Two technical college students, Josias (18) and Evodia (23), wandered through Maseru looking for transport and food. "The South Africans want Lesotho to be their 10th province. Maybe there are minerals here which we do not know about," said Evodia.

In the country's disputed elections on May 23rd, both students had voted for the Lesotho Congress for Democracy.

In half an hour yesterday morning at the hospital three civilians died, adding to a tally kept by Dr Piet McPherson, the superintendent, of eight dead after treatment and 82 injuries, 36 of them from gunshot wounds.

Dr McPherson said: "Most of the doctors, who are foreign, have left. The staff at the hospital have not slept for 48 hours and, because of car hijackings and the danger in the streets, no one is coming to work. We have a severe shortage of medicines."

Across the road Mr Ashraf Abubaker stood on the forecourt of his Caltex petrol station and fired his Kommando machinegun at suspected looters. "I have no choice, there is no law here.
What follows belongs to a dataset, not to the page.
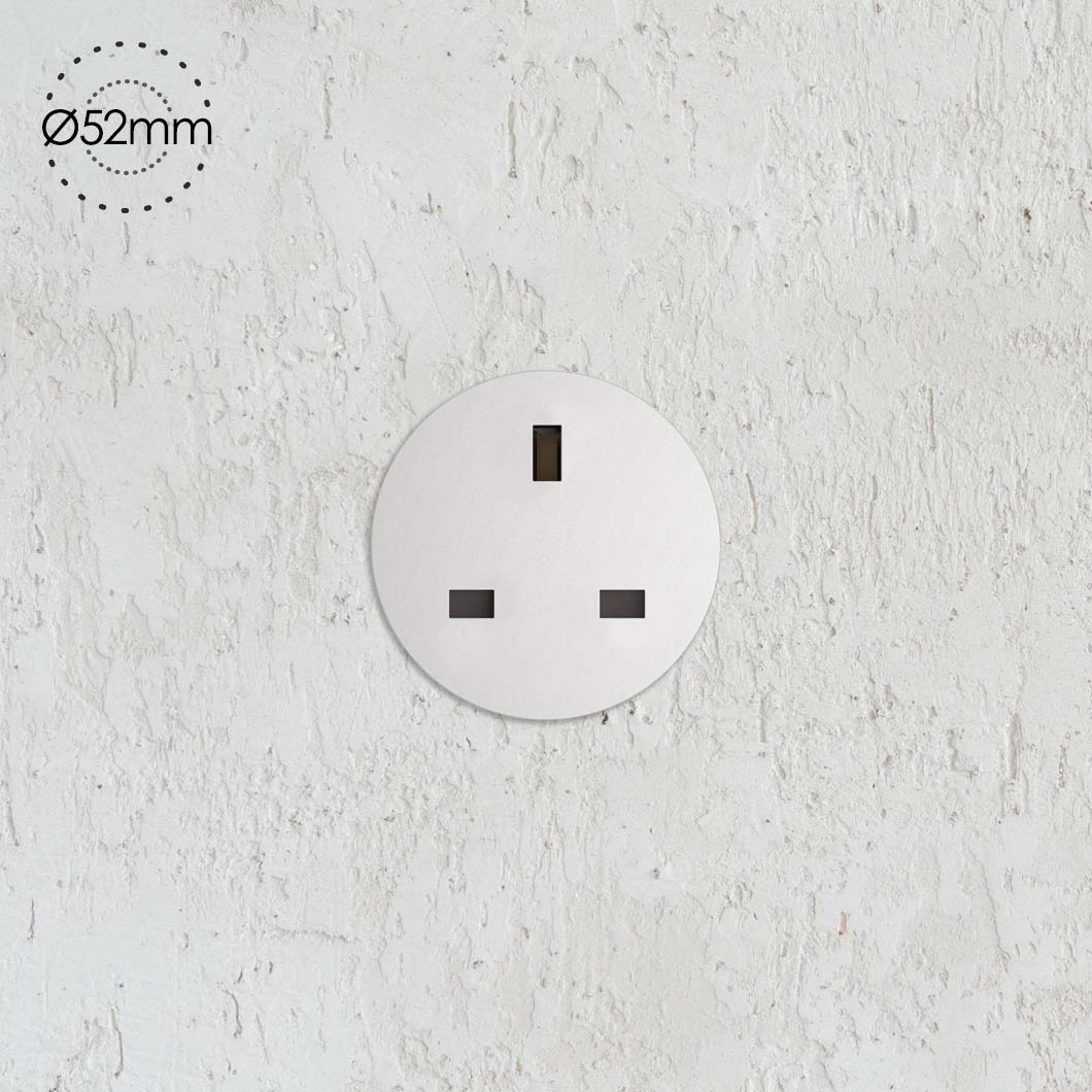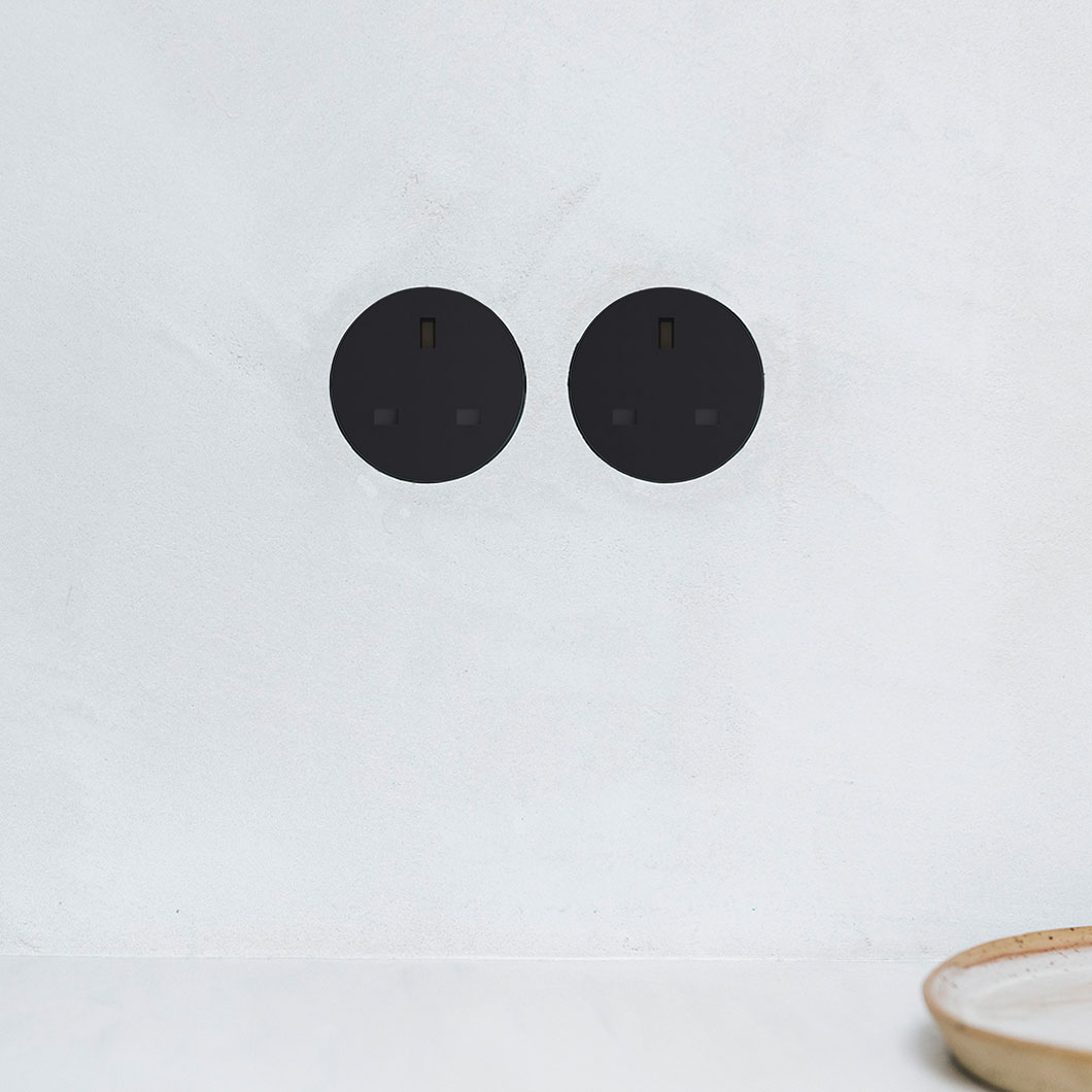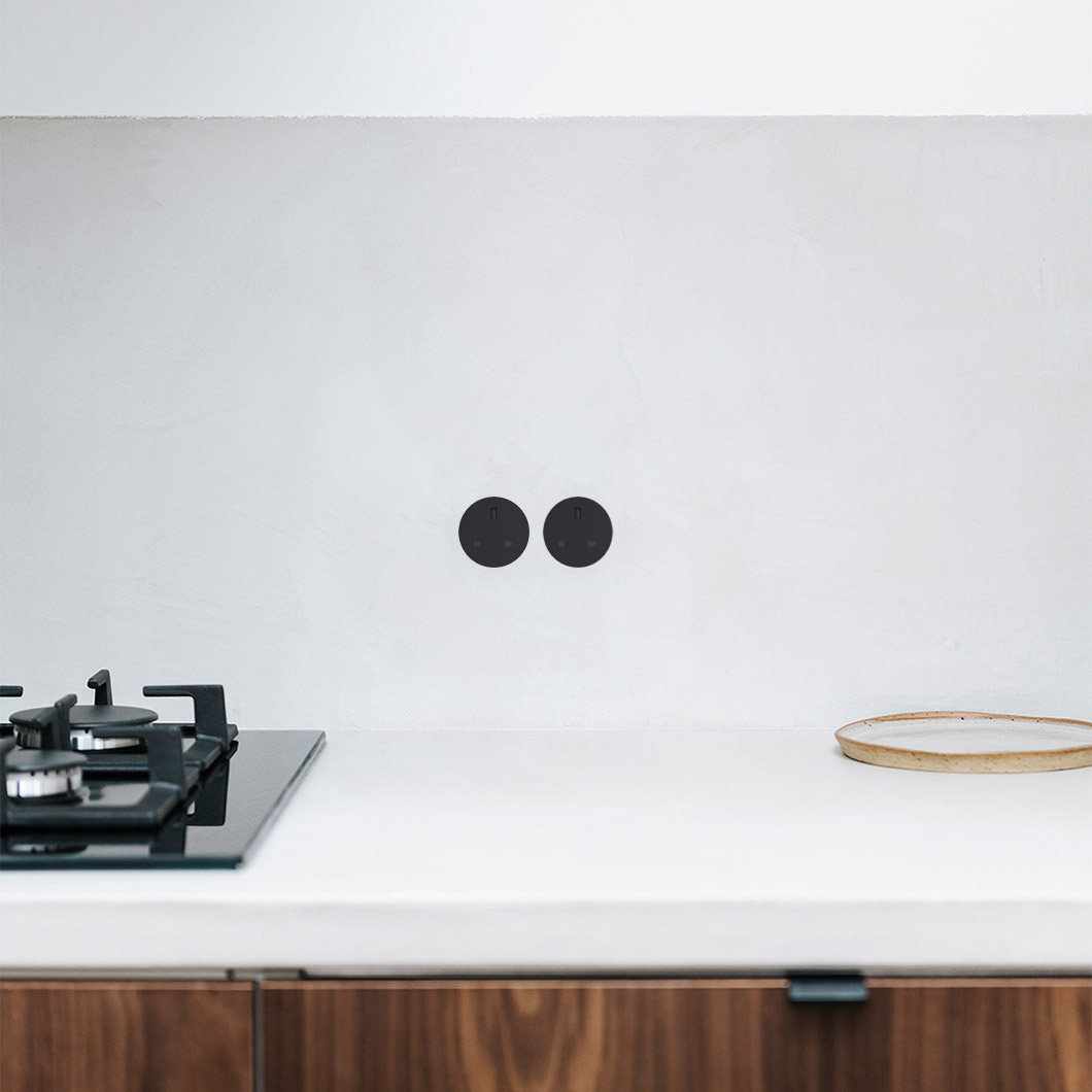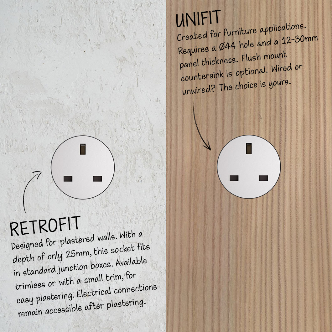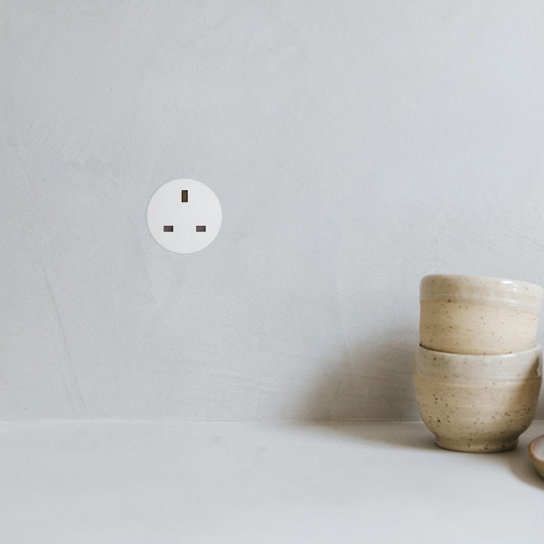 The minimalist socket. One module, endless possibilities. The Retrofit UK round socket by rond is specifically designed to be plastered into walls for a contemporary and minimal finish. Available in white, black and cream. The small trim version sits just proud of the wall, covering the installation ring.

My family has been here for three generations and our businesses are devastated," he said.

From time to time a Botswana armoured personnel carrier would drive past, its crew shooting into the air at the sight of looters. Farther down Kingsway some youths were clearing the Metro hyper market, a building the size of two football fields. Later they burnt it down.

All that was left last night was a city which must be rebuilt from scratch in an impoverished country which is no closer to political peace than it was before the fires were lit.